Observing session based authentication such as NTLM only works when the first WWW-Authenticate header in the 401 response is either either NTLM or Negotiate. For example, if I set up my server to send the headers in the following order: WWW-Authenticate: NTLM WWW-Authenticate: Bearer Then the Proxy-Support: Session-Based-Authentication header is added by Fiddler and NTLM authentication succeeds. If I instead reorder them: WWW-Authenticate: Bearer WWW-Authenticate: NTLM In this case the Proxy-Support: Session-Based-Authentication header is not added by Fiddler. If the client only supports NTLM and not bearer authentication, then the connection will fail unexpectedly. In conclusion: It looks like fiddler is checking only the first WWW-Authenticate header when deciding whether or not to send Proxy-Support: Session-Based-Authentication. It should be checking all of the WWW-Authenticate headers.
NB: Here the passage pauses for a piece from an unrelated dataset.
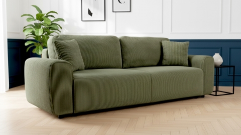 Canapé convertible 3 places en velours côtelé vert kaki - Grazia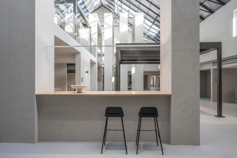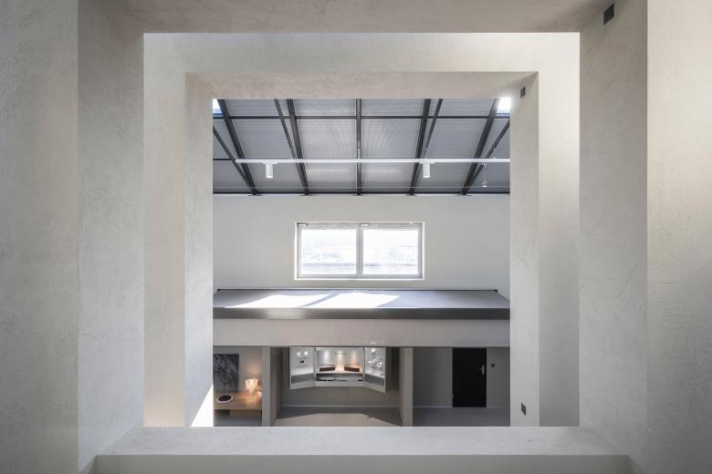 Ein speziell gestalteter zweistöckiger Kubus im Showroom bietet den Kunden die Möglichkeit, die Produkte aus verschiedenen Blickwinkeln zu betrachten und ihre Funktionen und Designs zu erkunden. Diese neuen Perspektiven verstärken das inspirierende Erlebnis und machen die Produktvielfalt auf ansprechende Weise erlebbar.

It's small, clipped, and not noticable. Just spent the last hour trying to troubleshoot why I was getting an Internal Server Error. If I would have noticed the JSON error message, it would have saved me most of that time. See attachment. Consider red bold font.
I installed Fiddler in D:\Dev\Fiddler\ But FiddlerCertMaker still installed in C:\Program Files (x86)\Fiddler
Drag/drop a Content-Encoding: gzip compressed response from the Web Sessions list to the AutoResponder. Right-click it and choose Edit Response. Observe: Response is compressed and cannot be edited. I think in the past this used to show the little yellow "Click here to decode" bar in the Editors popup window.
I use fiddler all the time to test various apis and it would be nice to have either templates or access to the composer header/body textboxes via QuickExec. That way I could create standard templates (or actions) to prefill certain values. The template should contain.. Action Url Protocol Request Headers Request Body A new Template explorer could be added under the existing Log Request History which could be a tree view that allows one to structure their templates.
It appears that in the latest version (v5.0.20173.50948 for .NET 4.6.1) there's a bug that the Response Inspectors are no longer properly sorted in the tab strip by their Order, such that the ordering is pretty much random.